O corpo de um homem de 62 anos permanece à espera de sepultamento há mais de um mês em uma vaga gratuita na cidade de Foz do Iguaçu, no Oeste do Paraná. Falecido no dia 10 de agosto, o corpo continua sob custódia da Polícia Científica devido à falta de espaço nos cemitérios públicos locais.
Situação crítica nos necrotérios Além deste caso, outros três corpos também aguardam sepultamento, mas estão retidos no Hospital Municipal Germano Lauck. Essa situação alarmante foi um dos fatores determinantes para que a Justiça exigisse providências imediatas da prefeitura municipal.
O município foi oficialmente intimado no dia 9 de setembro, recebendo um prazo improrrogável de cinco dias para entregar um planejamento de emergência.
Cronograma de novas vagas O documento enviado à Justiça estabelece a criação de 165 novas vagas de sepultamento em um período de 30 dias. A execução das obras ficará majoritariamente sob a responsabilidade da Camis, empresa concessionária que administra os cemitérios municipais.
As etapas de liberação de espaço foram divididas em prazos específicos:
Em até 5 dias: a remoção de 19 árvores mortas ou inadequadas no Cemitério Jardim São Paulo deve liberar espaço para 52 novas vagas em padrão jardim. A prefeitura afirma que haverá plantio compensatório de árvores nativas. Em até 7 dias: a construção de mais um andar no gavetário do Cemitério Três Lagoas deve abrir 5 novas vagas verticais. Em até 15 dias: o uso de uma área ociosa na ala islâmica do Jardim São Paulo deve permitir a criação de 20 jazigos. Em até 30 dias: uma obra de extensão lateral das gavetas no Três Lagoas deve trazer 88 novas vagas nesta primeira fase.
Além disso, o planejamento estipula a criação de um canal de comunicação direto entre a prefeitura, a Polícia Científica e o Serviço de Verificação de Óbitos (SVO), estabelecendo que qualquer corpo liberado seja enterrado em até 24 horas.
Conflito judicial e responsabilidades A crise nos cemitérios públicos é debatida na esfera judicial desde o mês de junho, período em que a concessionária acionou a prefeitura para relatar a escassez de jazigos gratuitos. Em 25 de agosto, a empresa alertou que o quadro havia se agravado e que havia corpos retidos em câmaras frias.

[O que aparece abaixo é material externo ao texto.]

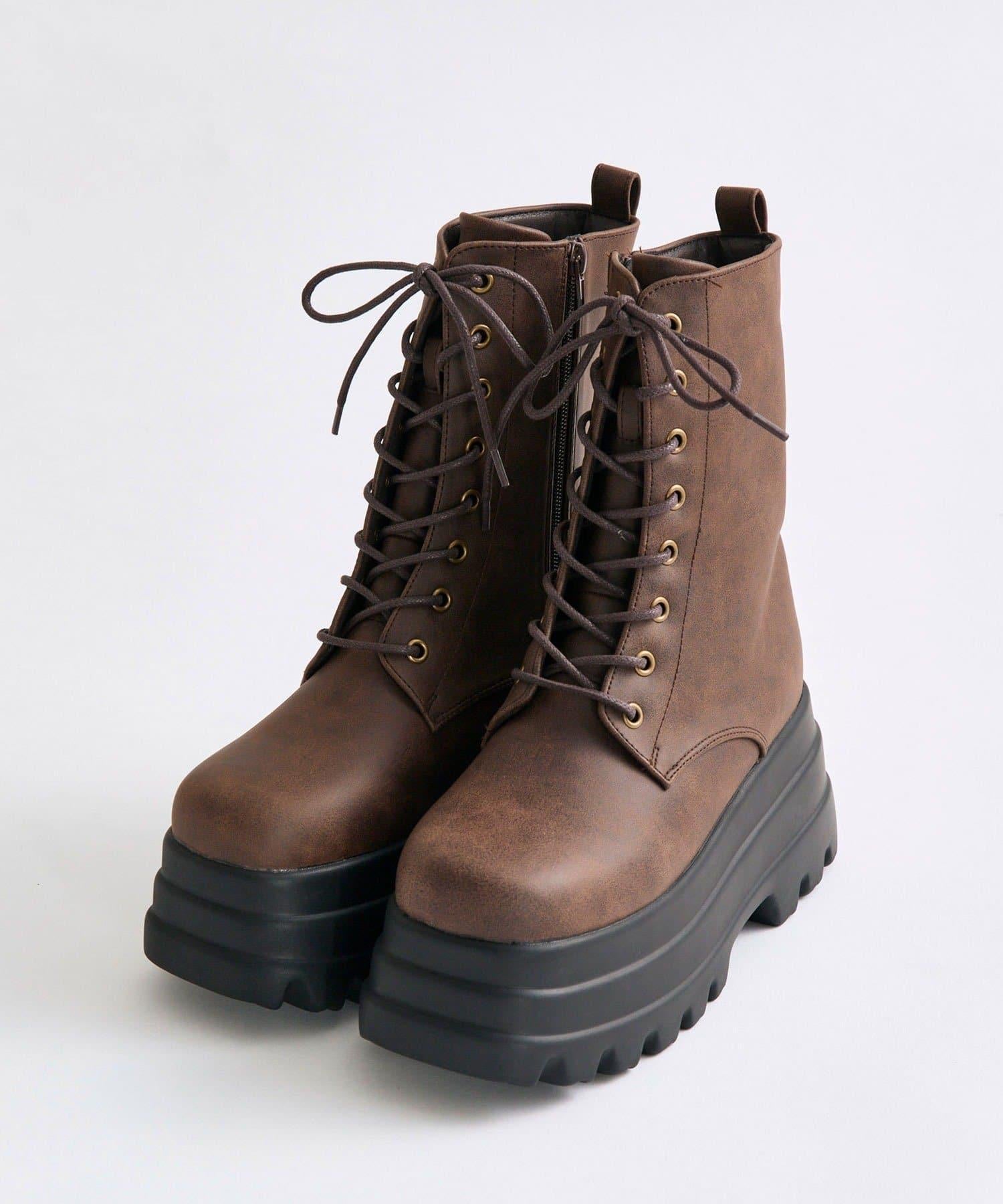 繫帶厚底短靴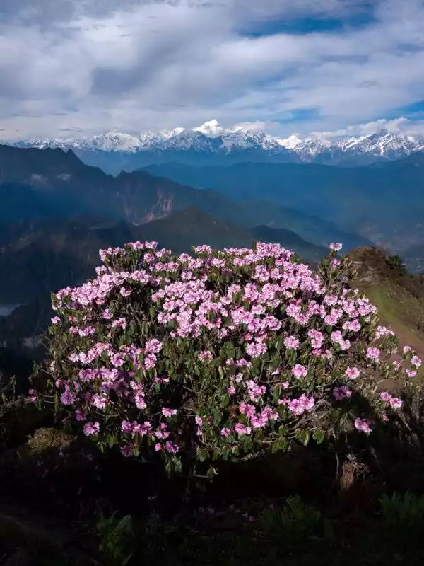 This is a seasonal spectacle. Starting in May and June each year, the mountainside to the summit is blanketed in vast expanses of pink azaleas, complementing the sea of clouds and creating a breathtaking display of beauty atop the high mountains.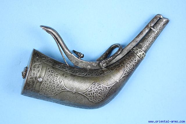 Persian, 18 C. whole steel powder flask. Finely etched with calligraphy in Arabic letters and dated 1212 ( 1797 in the Gregorian calendar). Full working order. Length 5 ½ inches. Very good condition. Minor opening in the seam. A silver band on the throat may indicate an old repair. |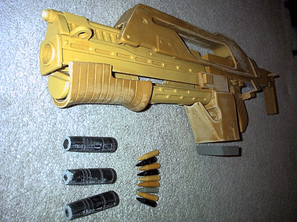 Looking primarily at the grip and the sling loops I'd say this was a recast of the Marco Ent. Pulse Rifle. I do have one of those but it's somewhere in storage, however I just found some images in the ol' archives. They don't belong to me in terms of copyright so if anyone recognises them I will of course remove them or credit the owner.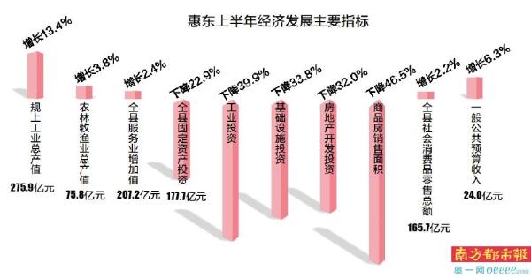 分析认为,今年上半年,惠东县农业生产总体平稳。农林牧渔业总产值75.8亿元,增长3.8%。工业生产加快增长。今年上半年,全县规上工业总产值275.9亿元,增长13.4%,增速分别比一季度、1-5月提升3.0个和0.9个百分点;规上工业增加值增长12.8%。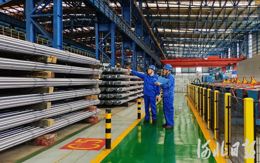 10月11日,在石钢公司高端银亮线车间,工作人员正在检查下线的产品。河北日报记者刘冉摄

O juiz Rogério de Vidal Cunha, atuante no 3º Juizado Especial da Fazenda Pública de Foz do Iguaçu, classificou o cenário como agravamento do esgotamento dos espaços para sepultamentos e apontou risco sanitário — o que motivou a determinação do plano emergencial.
Em resposta, a administração municipal iniciou um processo administrativo contra a concessionária para apurar supostas falhas no cumprimento do contrato de concessão. Por sua vez, a empresa nega irregularidades e afirma que alertou o município diversas vezes sobre a falta de vagas, sem receber solução.
Tentativas anteriores de resolução, como a abertura de dez jazigos para exumação em julho no Cemitério Parque Nacional, tiveram eficácia reduzida, viabilizando apenas uma única vaga. Enquanto o plano estrutural de longo prazo — que promete mais de 9,5 mil novos jazigos — aguarda homologação da Justiça, a gestão e as cobranças seguem sob escrutínio judicial.